Au hasard Balthazar è un film del 1966 di Robert Bresson.
È il film “centrale” della sua filmografia, sia perché è il settimo su 13, quindi si colloca esattamente in mezzo tra i primi sei ed i successivi sei, sia perché rappresenta, in parole povere, un punto di svolta nella sua poetica che, inesorabilmente, scivola da una visione ottimistica a pessimistica della vita.
Sebbene venne accolto sia dalla critica che dal pubblico con pareri contrastanti, Godard ne rimase folgorato, Bergman invece lo definì “noioso”, è ad oggi considerato dai più come un film capolavoro/caposaldo del XX° sec.
Au hasard Balthazar, effettivamente, disegna nuove prospettive e traiettorie nel campo della settima arte che saranno scuola ed esempio. Una peculiare scrittura di cinema intesa come scrittura delle immagini, scelte stilistiche, nuovi mezzi per veicolare un messaggio, ad esempio i dialoghi, invero qui assai scarni, che cedono il posto agli sguardi, ai gesti delle mani, alla fissità, alla scelta di figure retoriche spinte all’estremo, di sineddoche.
Sono decine e decine i cineasti debitori, o meglio, che si ispirarono o che tuttora si ispirano al cinema di Bresson, da Godard, appunto, a Bellocchio a Kaurismaki a Wes Anderson.
C’è quest’asino, Balthazar il “puro” (come tutti gli animali del resto) e la sua vita, nel corso degli anni, fatta di lavoro, botte, fatica e qualche carezza (di Marie). La sua vita che passa in mezzo alle miserie umane, alla crudeltà, l’avidità, nulla di buono sotto il sole.

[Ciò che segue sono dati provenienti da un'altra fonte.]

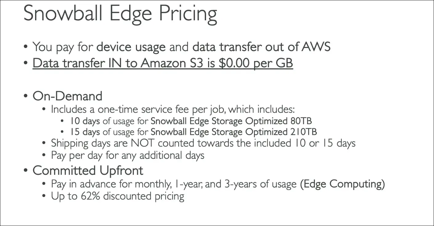 - Includes 15 days of usage (for 210 TB Snowball Edge).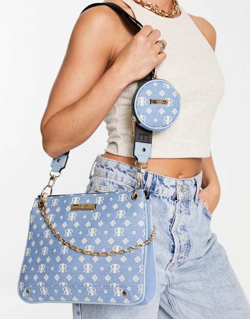 River Island Denim Monogram Cross Body Bag With Pouchette In Light Blue Asos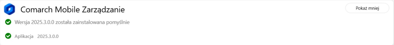 Zostaną zainstalowane komponenty potrzebne do prawidłowej współpracy Comarch Mobile Zarządzanie z systemem ERP. Po skończonej instalacji pojawi się poniższa informacja w oknie głównym aplikacji Comarch ERP Auto Update.

Jacques e Marie son due bambini, che diverranno ragazzi nel corso di un decennio, lui le giura amore eterno fin da piccolo e mantiene la promessa, lei invece…
La recitazione è, a parer mio, piuttosto straniante, forse perché i personaggi sono connotati come “archetipi”, quindi, si rileva l’assenza di una caratterizzazione vera e propria. I personaggi sono perlopiù rappresentativi di un determinato modo di essere. C’è dunque il cattivo, l’avaro, il rassegnato, l’innamorato, l’inquieta e poi c’è lui Balthazar che invece è sempre uguale a se stesso…
Un pianoforte, ed il raglio di Balthazar (accoppiata geniale), aprono e chiudono il film, con un finale tra i più iconici e rappresentativi della storia del cinema.